The Data Warehouse Time Machine: synchronising model and automation metadata versions
I’ve completed a fairly large body of work that I’ve been meaning to do for a long time: how to automatically version the Data Warehouse data model in sync with the version of the ETL automation metadata.
Although versioning models and code is relevant (but rarely implemented) in the traditional ETL area, this requirement to becomes very real when moving to a virtualised Data Warehouse / integrated model approach (Data Vault 2.0 in my case). This is covered in more detail in earlier posts but suffice it is to say that by removing a physical, or instantiated, core Data Warehouse layer in the design you need a way to preserve the audit trail and support any Data Mart and / or Business Intelligence components that draw information from this Data Warehouse layer.
Simply put: your Data Warehouse can’t just have one implementation the one day and a different one the next. Well, it actually can: if you incorporate synchronised version control.
In my mind this is very similar to how (canonical) message formats or (SOA) services are sometimes developed to be backwards compatible. In this world you need to allow for adapters (’users’) to change their configuration when a change in the message / service is deployed. For this purpose sometimes one or more older versions are supported for some time. This is more or less what I’ve been working on for ETL and Data Warehouse models and their Data / Information Marts.
In a practical sense: what I am looking for is a way to cycle through previous and current versions and see the model and metadata change (over time – no pun intended) while you look at your designs. A Data Warehouse time machine.
This itself also serves another purpose, which is decoupling the existing dependency on the implemented data model (the table in the database) for ETL automation. Many automation efforts read from the data dictionary / catalog to generate output, but to fully support the above concepts what is needed is a way to capture the model at a point in time. For the virtualisation development efforts this is really useful as it allows you to generate ‘ETL’ (Views, Insert Statements, ETL outputs e.g. packages, mappings, anything) without having a physical model in place.

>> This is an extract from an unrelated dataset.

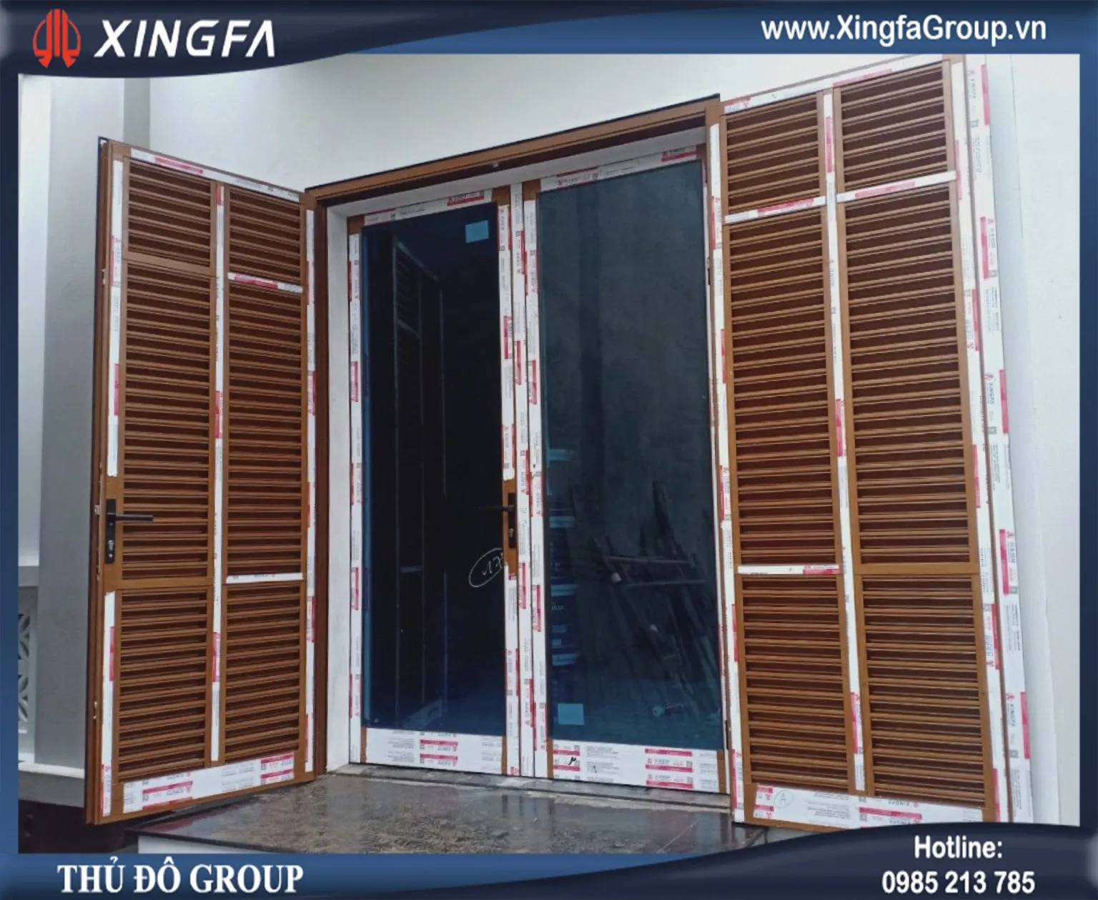 Thủ Đô Group thi công lắp đặt công trình biệt thự sử dụng mẫu cửa đi mở quay 2 cánh đi ra ban công nhôm Xingfa nhập khẩu chính hãng 100% + kính hộp 2 lớp cách âm cách nhiệt và có nan trang trí bên trong tại nhà anh Thanh ở Sóc Sơn, Hà Nội

Not only that, but you can basically have a fully functioning Enterprise Data Warehouse up and running without physical tables. (more information about where ‘history’ lives is here). As of recently, even though the virtual (view-based) Data Warehouse was working fine it was still required a physical model to be present for automation.
This is now something of the past; the only database objects are views now – everything is virtual – which I think is really cool! This is a real-world application of these concepts used in various projects, sometimes as prototyping but also as a smaller production deployment.

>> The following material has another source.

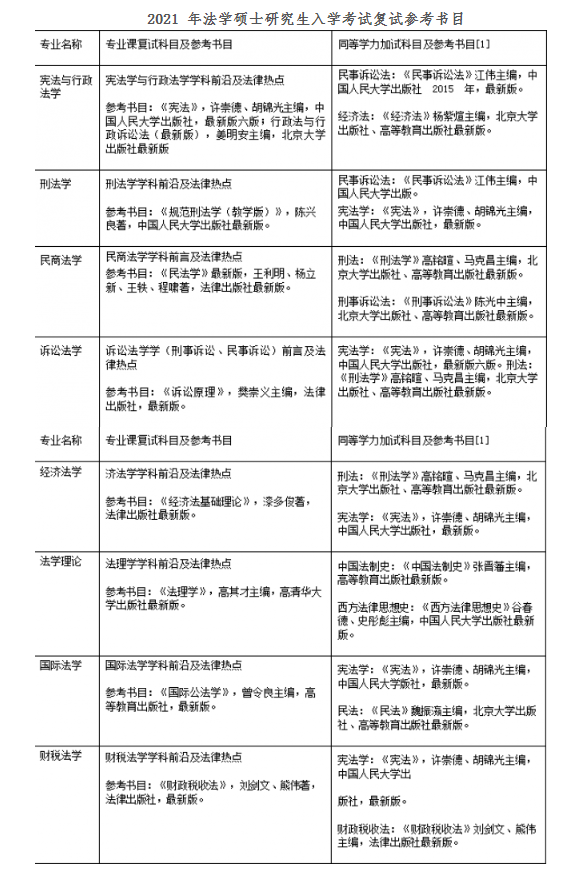 2021考研參考書目:江西財(cái)經(jīng)大學(xué)法學(xué)院法學(xué)碩士研究生入學(xué)考試復(fù)試參考書目”的全部?jī)?nèi)容!更多2021考研

A quick overview of how this works is shown in the next few screenshots. The first thing to do is to import the model metadata (via a modelling tool or by reverse-engineering the table structures):
I disabled the current grid-like representation of the model as I intend to create a more visual presentation. In any case since I already have a few versions created I am working on ‘2.1’ and uploaded whatever is currently in the database. The next step is to go to the screen that manages the ETL automation (this replaces the Excel sheet that was previously used). As you can see the software has already snapped to v2.1. The slider on this screen will later be used to cycle through the view output.
The screen that is created to maintain the automation metadata is where the typical Data Vault 2.0 metadata can be maintained. I added some logic to add colour coding and syntax highlighting to some extent, but one of the fun features is that the software calculates the expected Data Vault output. This metadata was previously imported from a file (it’s stored as XML) – and is linked to v2.1 of the model.
When changes are made there is the option to save these into a newer version:
The highlighted slider allows for cycling through the versions so you can see current and past definitions presented in the grid at runtime. We can now look what the difference in the Data Vault 2.0 model is when we cycle through the version, starting with viewing the results of the latest change.
And we can query the virtual Data Warehouse the same way as the traditional deployment with the exact same content:
Finally we cycle to version 2.1 to see how it used to be:
As is visible in the output as insert in the image above due to the consistent definition of business keys the number of records is down to three.
Not having to rely on a data model that is (physically) available in the database allows for even more easier prototyping, and so far it’s working great!